At the same time, as I also incessantly stress, most retirees depend on Social Security and Medicare and can’t afford benefit cuts.  So that means that any cuts should a) come from squeezing out the known inefficiencies from the delivery side of health care system (our current system rewards providers for quantity over quality), b) not target economically vulnerable individuals.  As a rule, I’d avoid further raising eligibility ages in both programs.

So let us run these criteria by the ideas on the table.  The President’s $350 billion or so in mostly Medicare cuts (it’s harder to find cuts in Medicaid that meet the above conditions) are mostly from ‘a’ above, things like incentivizing efficient hospital care and using Medicare’s clout to bargain for cheaper drug prices in Part D.  But he also suggests increasing premiums on parts B and D on high income beneficiaries.

In fact, some of this is kind of baked in the cake with new taxes starting next year: an additional HI payroll tax of 0.9% on earnings above $250,000 and an ACA measure that taxes unearned income at 3.8% to support Medicare.  I suspect critics of means-testing entitlements feel better about that, but to me they’re pretty close and reasonable policy measures, IMHO.

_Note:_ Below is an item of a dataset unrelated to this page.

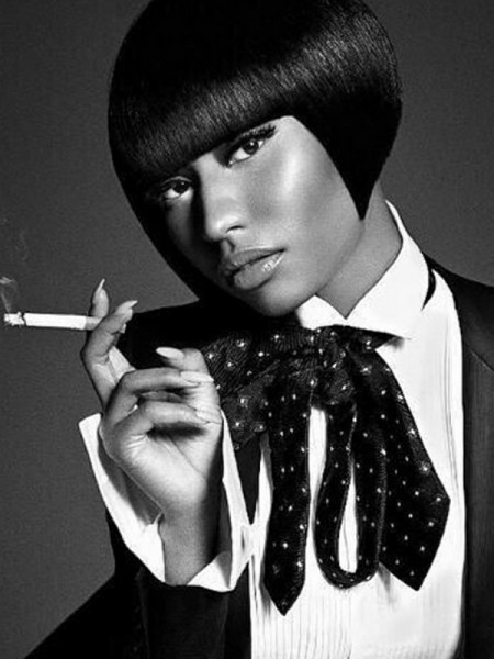 Nicki ha querido dárselas de elegante, por detrás y por delante, protagonizando una sesión de fotos muy masculina pero, por supuesto, siempre con las tetas por delante: Nicki con corbata y camisa directa a la oficina. Y con las tetas fuera. Nicki con su americana dirigiéndose a una importante reunión de negocios. Y con las tetas fuera. Hasta cuando se disfraza de mopa con flecos la mar de útiles, también enseña las tetas.

As per Social Security, this post has a list of fixes to close the funding gap.  Clearly, in an era of much higher wage inequality, raising the maximum earnings threshold makes sense as a larger share of earnings is over the cap (why this fix has gotten lost in the recent debate is an important question for the program’s advocates).  I like the Domenici/Rivlen idea to gradually apply the payroll tax to employer-provided health care benefits.  Rather than means-testing, I’d support a lowering in the “bend-points” affecting the wealthiest beneficiaries, but we must be guided here by the fact that for a large majority of retirees, Social Security is their main source of income.  It’s true that Warren Buffet doesn’t need Social Security.  But that shouldn’t guide policy.

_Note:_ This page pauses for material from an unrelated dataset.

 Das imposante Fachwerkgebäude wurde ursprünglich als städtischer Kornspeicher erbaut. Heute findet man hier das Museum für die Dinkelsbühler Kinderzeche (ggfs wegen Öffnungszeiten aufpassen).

My views on the chained-CPI—a benefit cut—are here.  I support the change—it’s a more accurate measure of price growth (though a chained index for the elderly would be better), and I’m sure it’s coming, so I want to get something for it.  That ‘something’ is an offset from the benefit cut for poor, old elderly.  But I agree, and stress in the post, that there are reasons to be nervous about the change.

So, there you are.  I’m sure many disagree and I’m happy to have constructive arguments about all of the above.  There’s a lot of nuance here, I think, and I know—my bad—it sometimes gets lost on TV.  Often, I’m trying to emulate balance and compromise, which as both a Buddhist and policy wonk, I highly value and believe are very much missing in today’s debates.

But I know that I sometimes push them too far in ways that are inconsistent with my values and those of many of my readers and listeners.  Clearly, in trying to be too balanced, one can be imbalanced.  We are all works in progress.